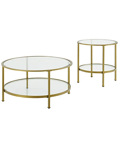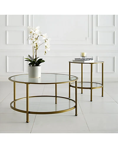 - Design details: Stylish and modern, the Aimee 2pc Coffee Table Set is an eye-catching addition to any home. With sleek steel frames, these tables can coordinate with a variety of decor. Each table has a tempered glass top and shelves, perfect for entertaining and display. Featuring a round side table and coffee table, the Aimee Coffee Table Set brings a cohesive and fashionable look to any living space. ; Art Deco inspired design; Soft gold finish; Frame is constructed of sturdy steel; Tempered glass tabletops; Tempered glass shelves; Round coffee table and side table frames; Upscale display and storage for any room; Pairs well with glam, modern farmhouse and traditional decor
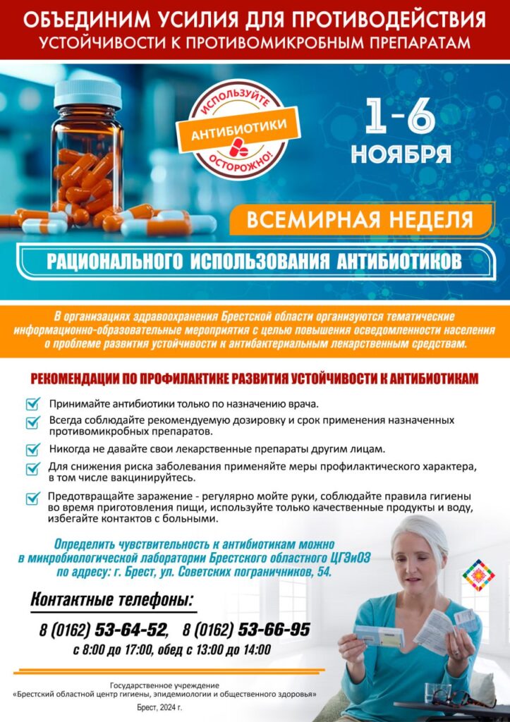С 1 по 6 ноября 2024 года в Беларуси проводится Всемирная неделя рационального использования антибиотиков
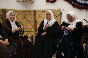 Dayikan di diwana Kurdewarî de teşiyên xwe ristin û gotin: “Me di nava kar û barê gundan yê bi zor û zehmet de karê destan jî dikir û me her nexşek bi hêza xwe û ya xwezayê afirandine. Her nexşekî navek û çîrokek wê heye.”
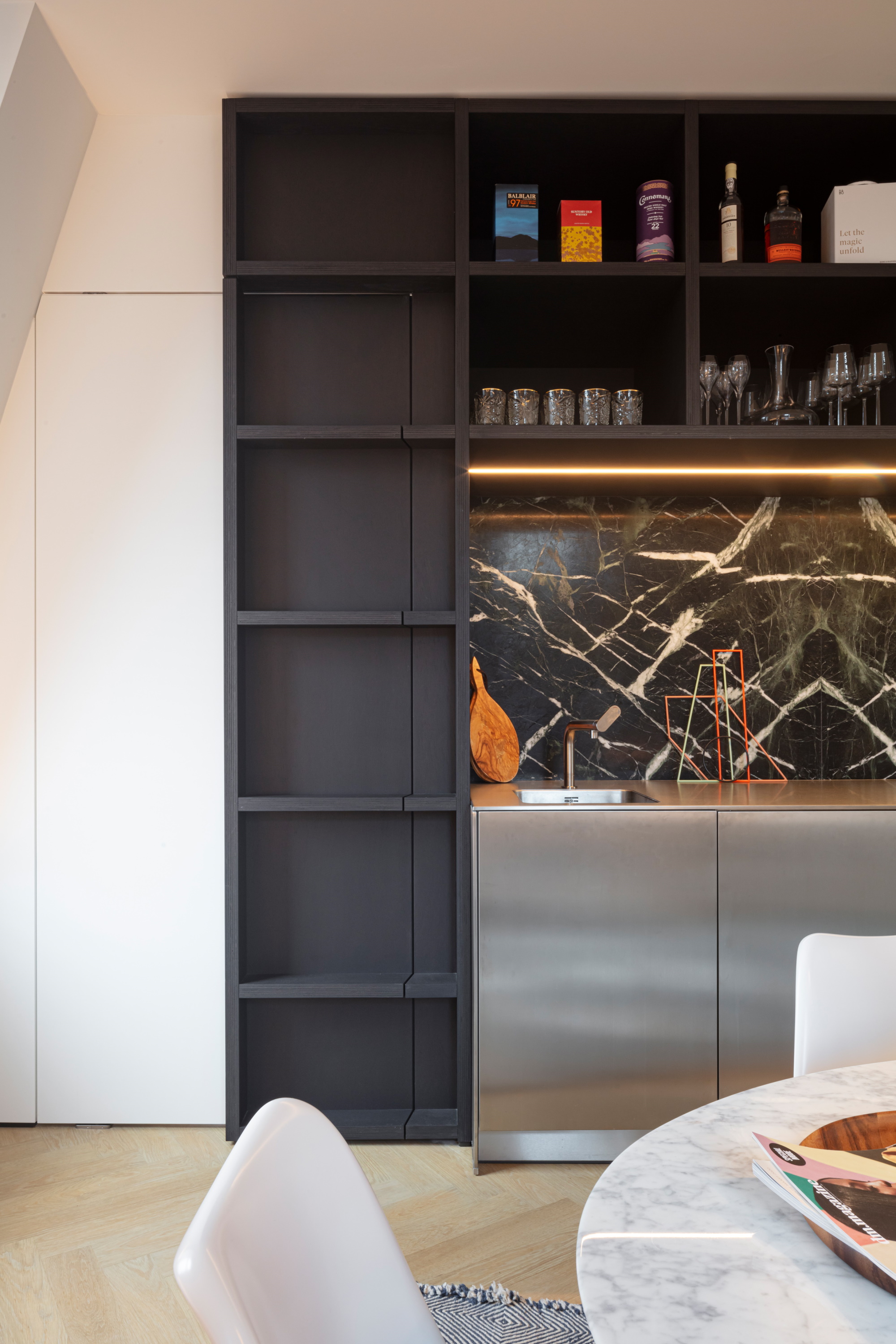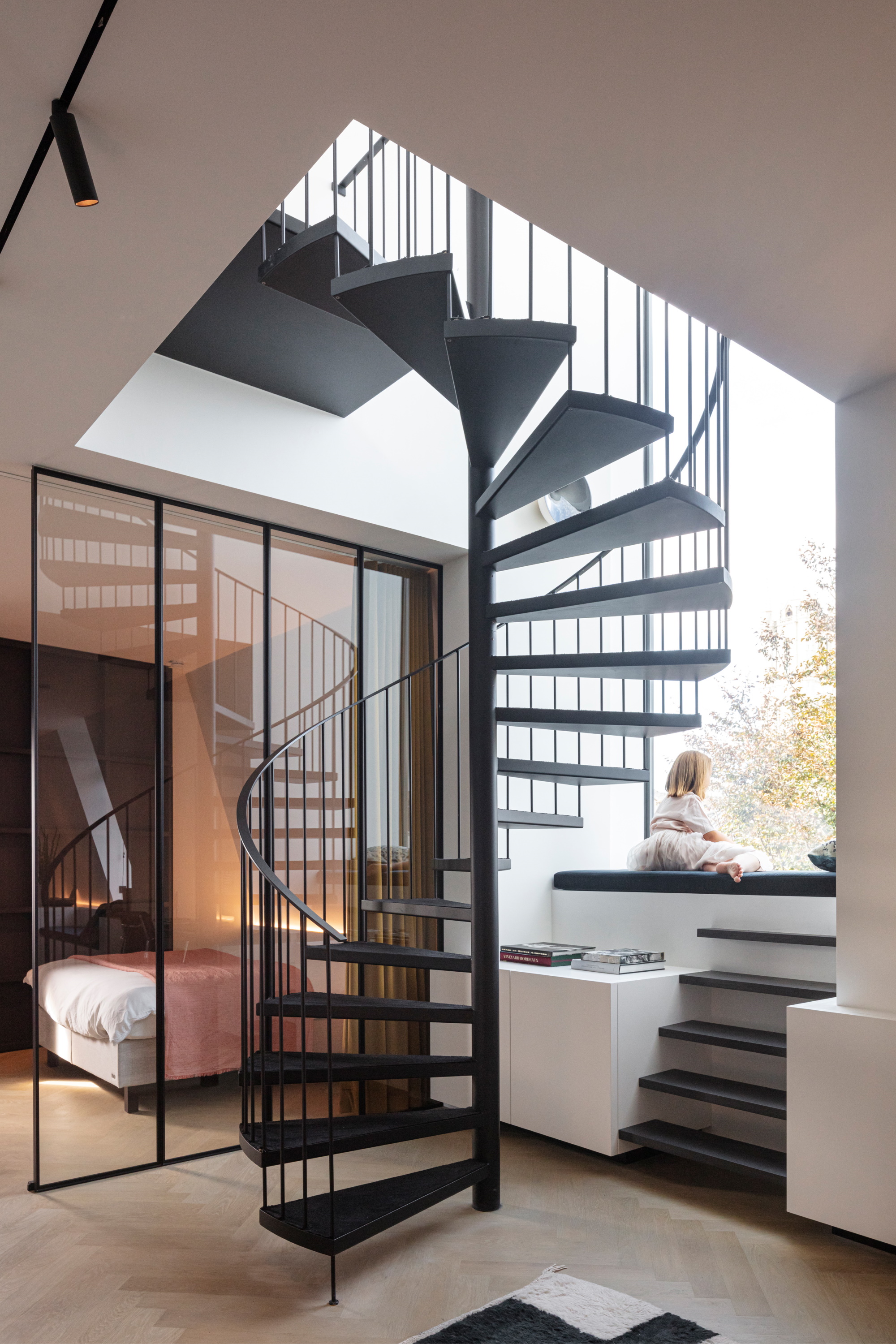 De lichtinval in het herenhuis zorgt ervoor dat de architecturale keuzes geaccentueerd worden. Ook het contrast tussen lichte en donkere elementen wordt nog duidelijker in het penthouse van Peter Moerman op de bovenste verdiepingen. Tussen de witte muren en zwarte raamkaders, lichtarmaturen en traptreden zorgen kunst en design er voor subtiele kleuraccenten. Ook de glaspartij van zes meter hoog is er een architecturaal statement. Die heldere glaspartij volgt de matzwarte draaitrap naar de bovenste verdieping waar een buitenterras zicht biedt op de Drie Torens van Gent en het water van de Reep.
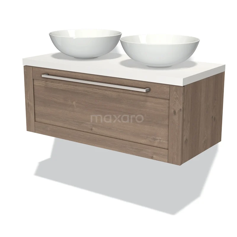 Modulo Plato Vanity units for countertop basin | 100 cm Mid brown oak Frame front Matte white worktop 1 drawer
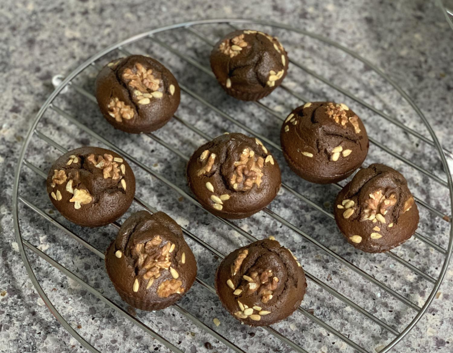 머핀틀에 구운 브라우니는 머리가 울퉁불퉁하다.

════════════════════

REQUIREMENT - Give an exact copy of the material, leaving out every picture.

WORKED SOLUTION -
 - Design details: Stylish and modern, the Aimee 2pc Coffee Table Set is an eye-catching addition to any home. With sleek steel frames, these tables can coordinate with a variety of decor. Each table has a tempered glass top and shelves, perfect for entertaining and display. Featuring a round side table and coffee table, the Aimee Coffee Table Set brings a cohesive and fashionable look to any living space. ; Art Deco inspired design; Soft gold finish; Frame is constructed of sturdy steel; Tempered glass tabletops; Tempered glass shelves; Round coffee table and side table frames; Upscale display and storage for any room; Pairs well with glam, modern farmhouse and traditional decor
С 1 по 6 ноября 2024 года в Беларуси проводится Всемирная неделя рационального использования антибиотиков
 Dayikan di diwana Kurdewarî de teşiyên xwe ristin û gotin: “Me di nava kar û barê gundan yê bi zor û zehmet de karê destan jî dikir û me her nexşek bi hêza xwe û ya xwezayê afirandine. Her nexşekî navek û çîrokek wê heye.”
 De lichtinval in het herenhuis zorgt ervoor dat de architecturale keuzes geaccentueerd worden. Ook het contrast tussen lichte en donkere elementen wordt nog duidelijker in het penthouse van Peter Moerman op de bovenste verdiepingen. Tussen de witte muren en zwarte raamkaders, lichtarmaturen en traptreden zorgen kunst en design er voor subtiele kleuraccenten. Ook de glaspartij van zes meter hoog is er een architecturaal statement. Die heldere glaspartij volgt de matzwarte draaitrap naar de bovenste verdieping waar een buitenterras zicht biedt op de Drie Torens van Gent en het water van de Reep.
 Modulo Plato Vanity units for countertop basin | 100 cm Mid brown oak Frame front Matte white worktop 1 drawer
 머핀틀에 구운 브라우니는 머리가 울퉁불퉁하다.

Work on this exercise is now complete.